### Task goal
Line by line, please look for the word "Rheineck" in the following records, then copy each line you find it in.

=== Begin Enclosure ===

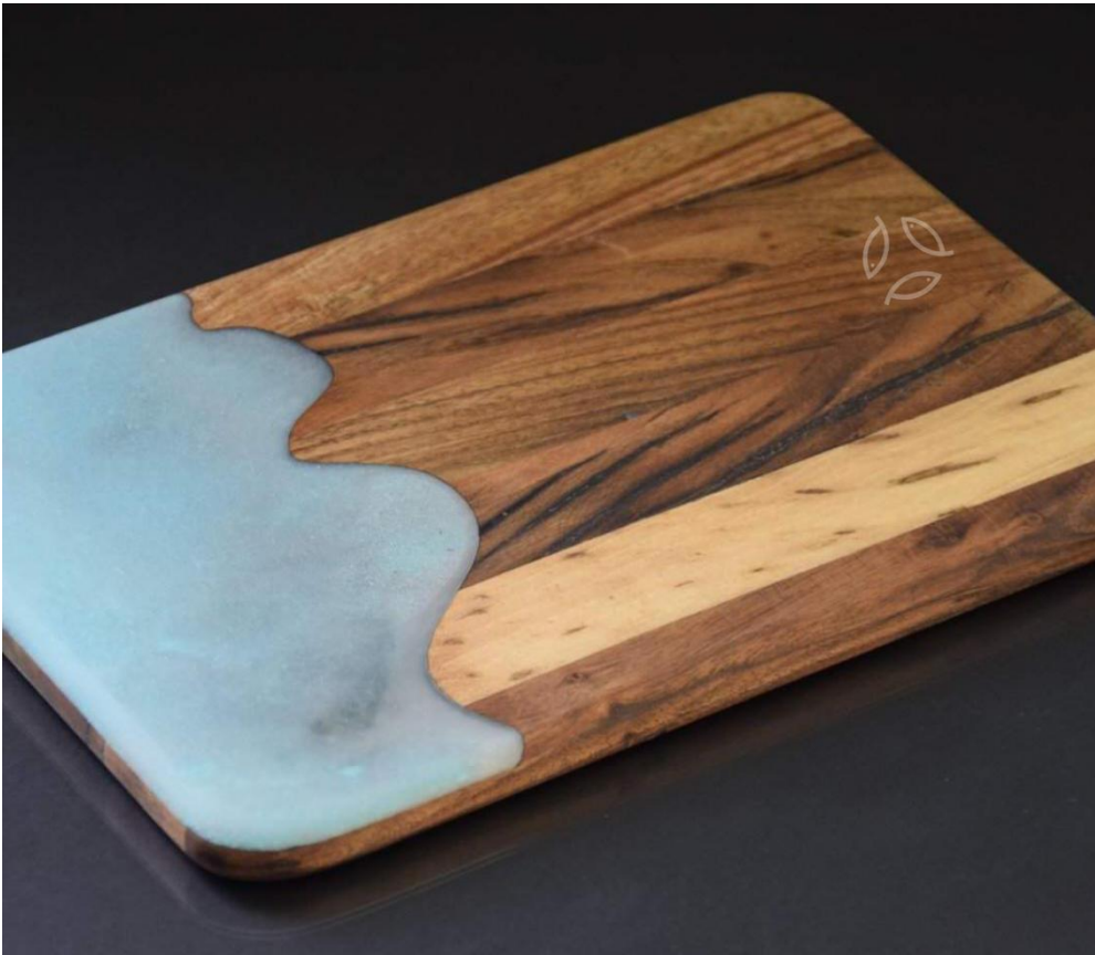
Slika 20. Izgled personalizirane daske za serviranje hrane
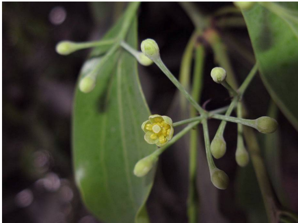
Abb. 15: Cinnamomum japonicum (Japanischer Zimtbaum), Blütenstand (A. JAGEL).
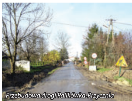
Przebudowa drogi Palikówka-Przycznia

Ruszyły również pierwsze inwestycje, które realizowane będą przy udziale środków RPO WP dedykowanych dla ROF. Podpisane zostały umowy w ramach których do końca roku 2018 zostanie zrealizowana przebudowa drogi gminnej Nr 108554R Przycznia w Palikówce, rozbudowa drogi Mała Kolonia Nr 108553 R oraz budowa 7 zatok autobusowych przy drogach powiatowych na terenie gminy Krasne. Przedsięwzięcia wykonane będą w ramach projektu Rozwój gospodarki niskoemisyjnej oraz poprawa mobilności mieszkańców poprzez usprawnienie zrównoważonego transportu publicznego na terenie ROF, przy dofinansowaniu 85% kosztów kwalifikowanych.
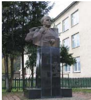
Пам'ятник І. Ольбрахту. Скульптор М. Белень.

На будинку сільської ради, ще з радянських часів, висить меморіальна дошка, на якій написано: «В с. Колочава в 1931 році жив Іван Ольбрахт – один із засновників Комуністичної партії Чехословаччини. Письменник». Іван Ольбрахт (справжнє ім'я – Каміл Земан) народився 6 січня 1882 року у Семітах в Чехії, в родині адвоката Антоніна Земана. Закінчив гімназію, а 1906 року – юридичний факультет Празького університету. 1920 року Ольбрахт нелегально перебував у Москві, де збирав матеріал для майбутніх «Нарисів про сучасну Росію». Революційне повітря Росії надихнуло Ольбрахта на політичну діяльність. Повернувшись на батьківщину, він стає одним із засновників комуністичної партії Чехословаччини і редактором її друкованого органу – газети «Руде право». Одним із
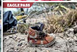
Las fronteras sur y norte de México concentran a miles de migrantes de prácticamente todo el mundo, que buscan llegar a Estados Unidos.
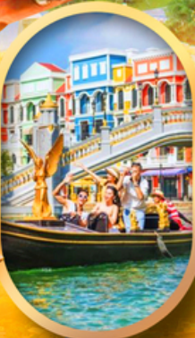
เอนิเมะแห่งเวียดนาม
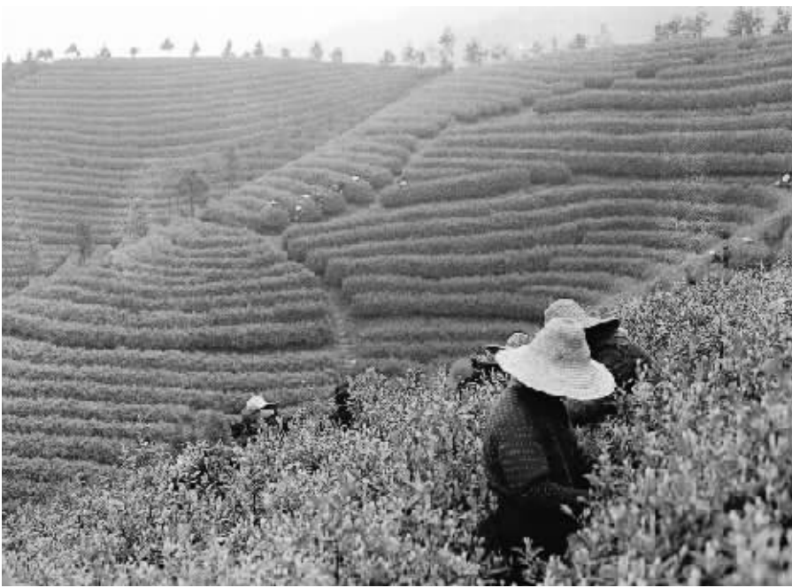
五岳集团万亩茶叶基地。
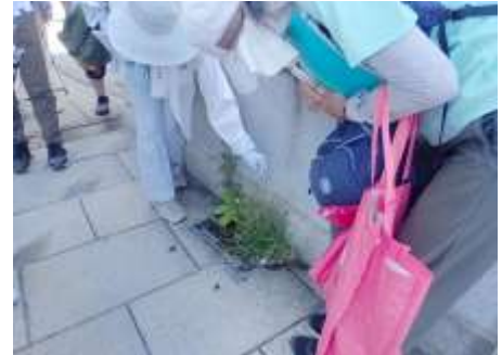
難波橋南詰で隙間の植物を記録 230827
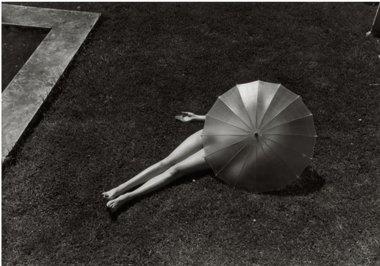
Первый снимок Мартина Мункачи, опубликованный в Harper's Bazaar
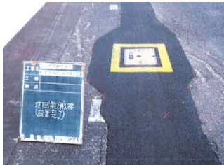
広瀬町上山佐常願寺
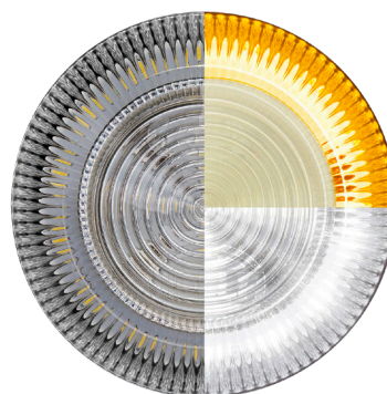
Lampe de travail, blanc
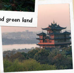
หอเจิ้งหวงเก้อ
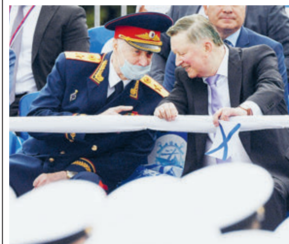
Глава СК Александр Бастрыкин (слева) уже обращал внимание на ситуацию с домом Черкасского. Последует ли за этим восстановление памятника?

То есть он отчасти еще существует – построенный здесь в начале XVIII века печально известный дом князя Алексея Черкасского – канцлера Российской империи, при-
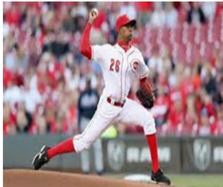
Pitcher cubano Raisel Iglesias

Los Mets (62-52) igualaron su mejor nivel de la temporada con 10 juegos sobre el promedio de .500. DeGrom (11-6), Novato del Año de la Liga Nacional la temporada pasada, terminó con el octavo juego
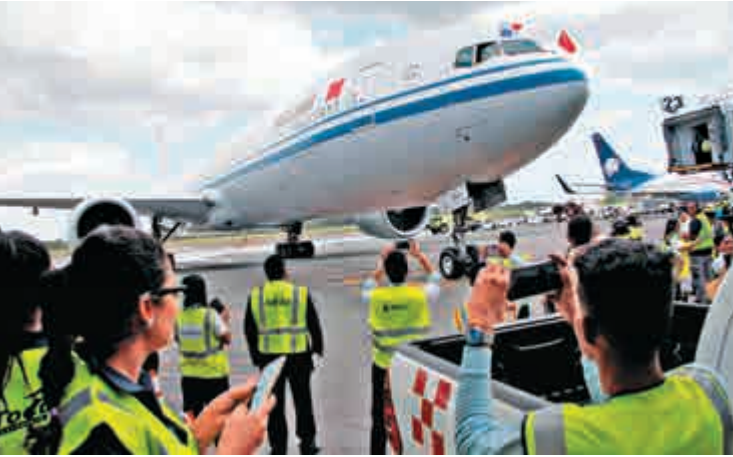
▲美國波音公司一架777客機5日抵達巴拿馬

【大公報訊】據美國《華爾街日報》報道：美國波音公司周三表示，將與美國和中國政府展開對話，希望阻止中美貿易爭端對全球航空業造成損害。波音在聲明中表示，在近期中美領導人保證正進行富有成效的會談基礎上，該公司將繼續主動與兩國政府進行接觸。 波音飛機出現在中國政府最新公布的關稅清單中，但僅限於空載重量在1.5萬至4.5萬公斤之間的較小型飛機。分析師表示，這些關稅將影響現有單通道主力波音737機型，以及最小型737 Max替代機型。這些機型在波音737積壓訂單中的總佔比僅為5%。 中國是波音最大單一市場，
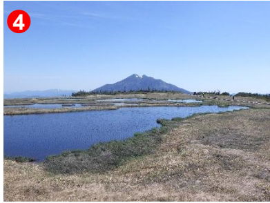
4 池塘の先には山頂に雪形を残した燧ヶ岳を望めます。
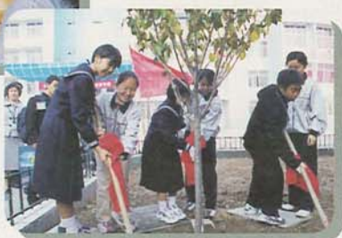
▲永遠の友情を願って3校で記念の植樹 (写真は10月29日、育才中学校)
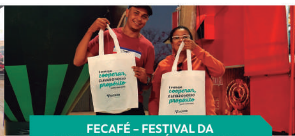
FECAFÉ – FESTIVAL DA CACHAÇA E DO CAFÉ – COQUEIRAL
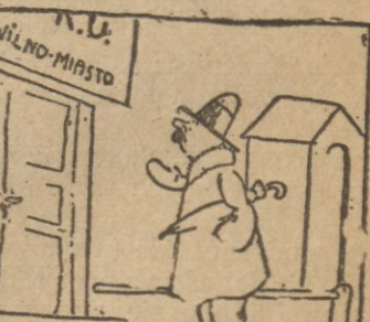
Kiedy dziad służywał w armji, Ma dowiedzieć się co tchu. Trzeba zdobyć cenne dane, Szubie więc do PKU.

Słońce poranne rzuca nieśmiałe promienie. Jasno tu i wesoło. Inny świat. W.T.
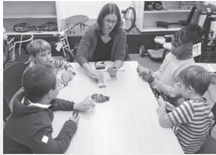
In den Frühlings- und Sommerferien bietet die Ludothek Rheineck Spielvormittage für Kinder an

Bisher hatte die Ludothek Rheineck via Ferienpass jeweils in den Herbstferien einen Spielvormittag für Kinder angeboten. Weil diese grossen Anklang fanden und die Plätze ausgebucht waren, hat sich das Ludo-Team entschieden, künftig in den Frühlings- und Sommerferien selber einen solchen Spielvormittag anzubieten. Diese finden am Donnerstag, 13. April 2023, sowie am Donnerstag, 10. August 2023, jeweils von 8.30 bis 11.20 Uhr in der Ludothek statt.

=== End Enclosure ===

### Answer to the problem
In den Frühlings- und Sommerferien bietet die Ludothek Rheineck Spielvormittage für Kinder an
Bisher hatte die Ludothek Rheineck via Ferienpass jeweils in den Herbstferien einen Spielvormittag für Kinder angeboten. Weil diese grossen Anklang fanden und die Plätze ausgebucht waren, hat sich das Ludo-Team entschieden, künftig in den Frühlings- und Sommerferien selber einen solchen Spielvormittag anzubieten. Diese finden am Donnerstag, 13. April 2023, sowie am Donnerstag, 10. August 2023, jeweils von 8.30 bis 11.20 Uhr in der Ludothek statt.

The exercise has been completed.